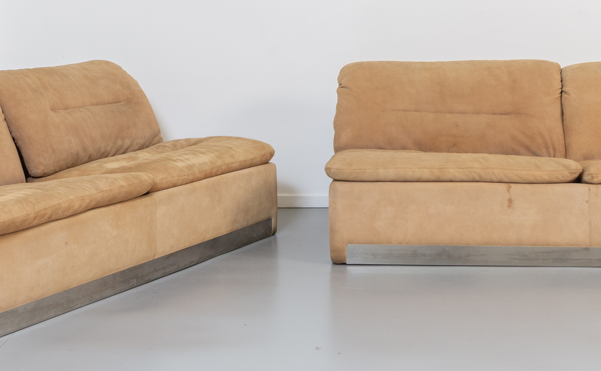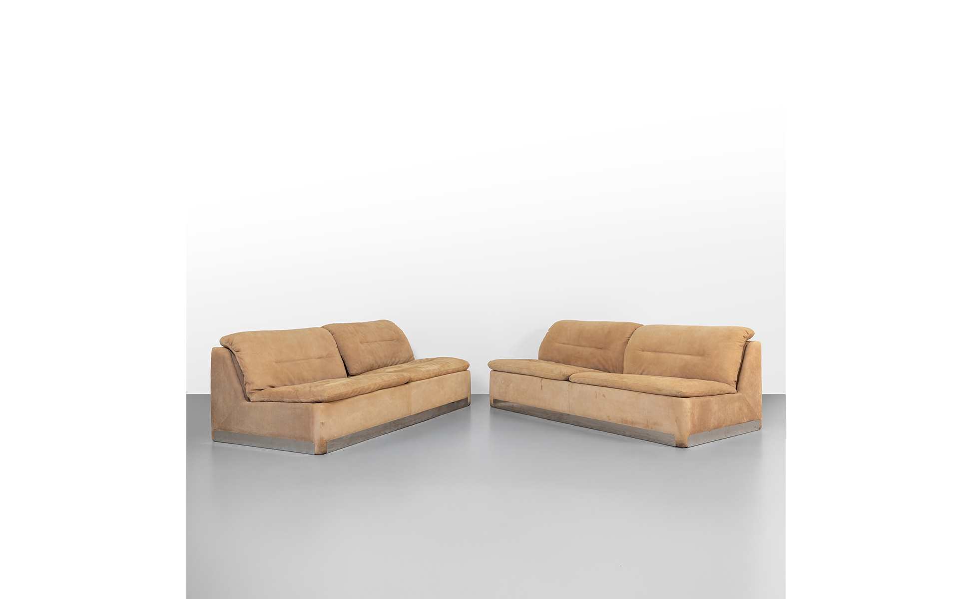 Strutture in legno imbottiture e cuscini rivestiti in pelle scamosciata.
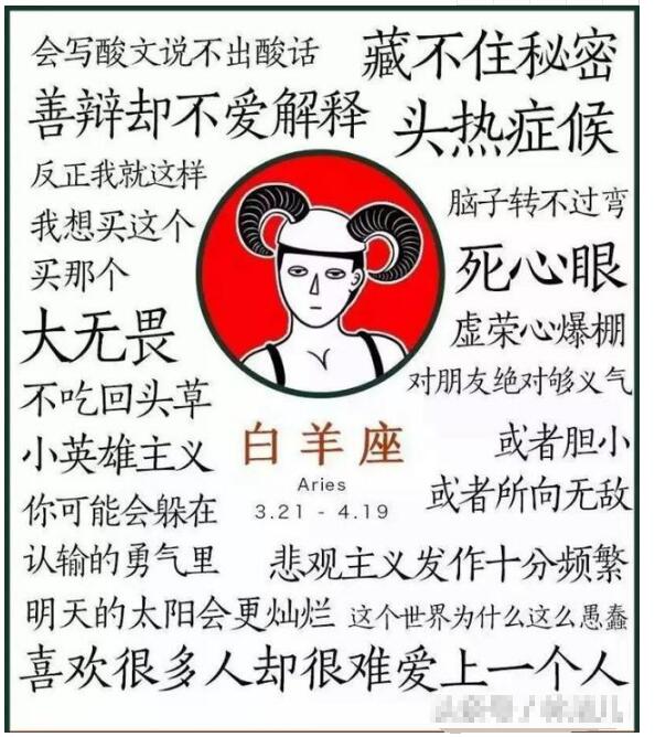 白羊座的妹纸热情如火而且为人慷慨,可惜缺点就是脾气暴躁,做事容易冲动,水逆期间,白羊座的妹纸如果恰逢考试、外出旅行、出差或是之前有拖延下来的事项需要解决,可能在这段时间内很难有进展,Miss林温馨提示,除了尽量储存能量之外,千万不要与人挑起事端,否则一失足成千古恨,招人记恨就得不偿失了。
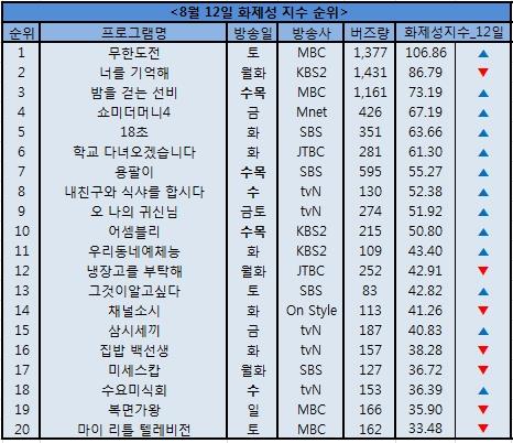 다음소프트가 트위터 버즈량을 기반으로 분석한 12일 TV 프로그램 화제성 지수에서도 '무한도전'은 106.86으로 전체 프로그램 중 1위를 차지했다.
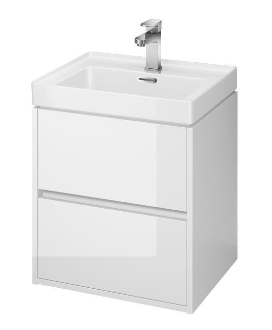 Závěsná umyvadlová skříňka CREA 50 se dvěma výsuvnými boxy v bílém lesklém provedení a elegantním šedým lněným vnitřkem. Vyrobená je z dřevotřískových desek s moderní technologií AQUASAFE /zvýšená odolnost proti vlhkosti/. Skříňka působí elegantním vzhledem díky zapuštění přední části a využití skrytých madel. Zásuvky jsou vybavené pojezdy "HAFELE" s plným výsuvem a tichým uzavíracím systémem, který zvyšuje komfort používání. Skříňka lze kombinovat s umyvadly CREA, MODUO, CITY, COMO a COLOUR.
---
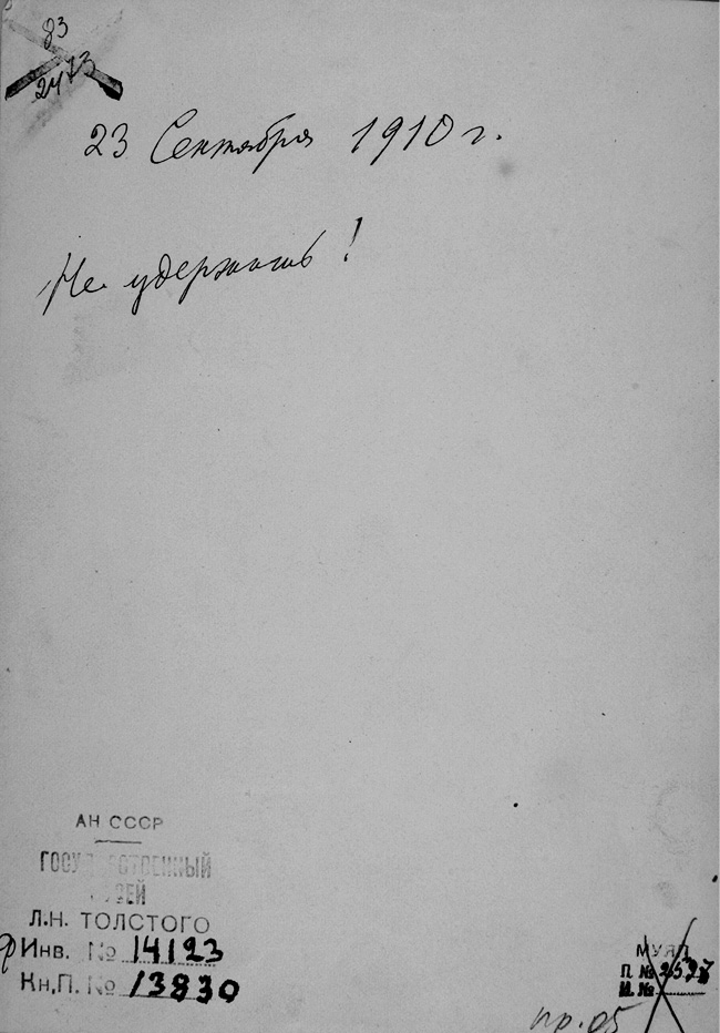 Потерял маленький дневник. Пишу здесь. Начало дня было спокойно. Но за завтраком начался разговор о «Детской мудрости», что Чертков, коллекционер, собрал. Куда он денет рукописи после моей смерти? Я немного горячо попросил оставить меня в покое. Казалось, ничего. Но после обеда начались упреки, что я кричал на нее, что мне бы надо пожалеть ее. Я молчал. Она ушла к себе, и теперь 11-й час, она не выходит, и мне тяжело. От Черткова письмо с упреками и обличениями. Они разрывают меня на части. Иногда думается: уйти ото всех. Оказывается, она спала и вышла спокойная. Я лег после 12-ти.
* * *
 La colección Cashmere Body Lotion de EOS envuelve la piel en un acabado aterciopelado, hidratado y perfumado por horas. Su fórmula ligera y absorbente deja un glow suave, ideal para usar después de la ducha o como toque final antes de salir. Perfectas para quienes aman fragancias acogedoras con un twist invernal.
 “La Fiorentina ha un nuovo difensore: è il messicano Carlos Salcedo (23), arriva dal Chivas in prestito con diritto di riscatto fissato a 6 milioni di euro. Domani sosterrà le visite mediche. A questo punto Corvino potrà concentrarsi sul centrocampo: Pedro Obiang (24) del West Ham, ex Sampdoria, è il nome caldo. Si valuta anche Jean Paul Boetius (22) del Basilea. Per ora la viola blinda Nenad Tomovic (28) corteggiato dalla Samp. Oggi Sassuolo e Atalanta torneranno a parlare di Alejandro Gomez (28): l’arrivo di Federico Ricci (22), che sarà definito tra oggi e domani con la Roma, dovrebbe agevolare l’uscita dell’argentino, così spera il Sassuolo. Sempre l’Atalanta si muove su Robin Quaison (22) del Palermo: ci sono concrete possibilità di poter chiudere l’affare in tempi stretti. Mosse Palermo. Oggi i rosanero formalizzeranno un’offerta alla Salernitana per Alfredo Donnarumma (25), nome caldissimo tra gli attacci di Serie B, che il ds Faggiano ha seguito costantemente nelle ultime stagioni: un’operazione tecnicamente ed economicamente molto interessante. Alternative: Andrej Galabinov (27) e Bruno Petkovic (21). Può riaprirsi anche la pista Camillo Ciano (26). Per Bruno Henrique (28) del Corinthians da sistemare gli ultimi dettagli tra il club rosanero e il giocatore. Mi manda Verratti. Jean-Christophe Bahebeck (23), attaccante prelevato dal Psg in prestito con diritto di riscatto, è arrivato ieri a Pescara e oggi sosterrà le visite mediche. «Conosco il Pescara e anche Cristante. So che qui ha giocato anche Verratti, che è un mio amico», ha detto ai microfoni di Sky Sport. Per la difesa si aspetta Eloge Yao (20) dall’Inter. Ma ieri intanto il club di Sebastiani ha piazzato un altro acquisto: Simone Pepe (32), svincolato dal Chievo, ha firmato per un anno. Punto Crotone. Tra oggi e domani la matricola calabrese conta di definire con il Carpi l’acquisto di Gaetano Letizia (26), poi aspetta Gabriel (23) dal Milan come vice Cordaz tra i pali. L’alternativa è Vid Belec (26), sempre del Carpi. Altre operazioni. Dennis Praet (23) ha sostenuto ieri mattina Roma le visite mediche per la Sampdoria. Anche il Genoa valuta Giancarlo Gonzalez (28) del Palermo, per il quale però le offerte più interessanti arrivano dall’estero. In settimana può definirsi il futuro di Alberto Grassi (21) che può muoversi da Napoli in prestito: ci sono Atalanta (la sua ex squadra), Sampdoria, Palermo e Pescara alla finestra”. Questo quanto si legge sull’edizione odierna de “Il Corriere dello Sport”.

__REQUIRED ACTION__: Of the records above, print only the lines from the one containing "Strutture in legno" through the one containing "Závěsná umyvadlová skříňka", inclusive and unaltered, leaving out pictures.

__EXPECTED ANSWER__:
 Strutture in legno imbottiture e cuscini rivestiti in pelle scamosciata.
 白羊座的妹纸热情如火而且为人慷慨,可惜缺点就是脾气暴躁,做事容易冲动,水逆期间,白羊座的妹纸如果恰逢考试、外出旅行、出差或是之前有拖延下来的事项需要解决,可能在这段时间内很难有进展,Miss林温馨提示,除了尽量储存能量之外,千万不要与人挑起事端,否则一失足成千古恨,招人记恨就得不偿失了。
 다음소프트가 트위터 버즈량을 기반으로 분석한 12일 TV 프로그램 화제성 지수에서도 '무한도전'은 106.86으로 전체 프로그램 중 1위를 차지했다.
 Závěsná umyvadlová skříňka CREA 50 se dvěma výsuvnými boxy v bílém lesklém provedení a elegantním šedým lněným vnitřkem. Vyrobená je z dřevotřískových desek s moderní technologií AQUASAFE /zvýšená odolnost proti vlhkosti/. Skříňka působí elegantním vzhledem díky zapuštění přední části a využití skrytých madel. Zásuvky jsou vybavené pojezdy "HAFELE" s plným výsuvem a tichým uzavíracím systémem, který zvyšuje komfort používání. Skříňka lze kombinovat s umyvadly CREA, MODUO, CITY, COMO a COLOUR.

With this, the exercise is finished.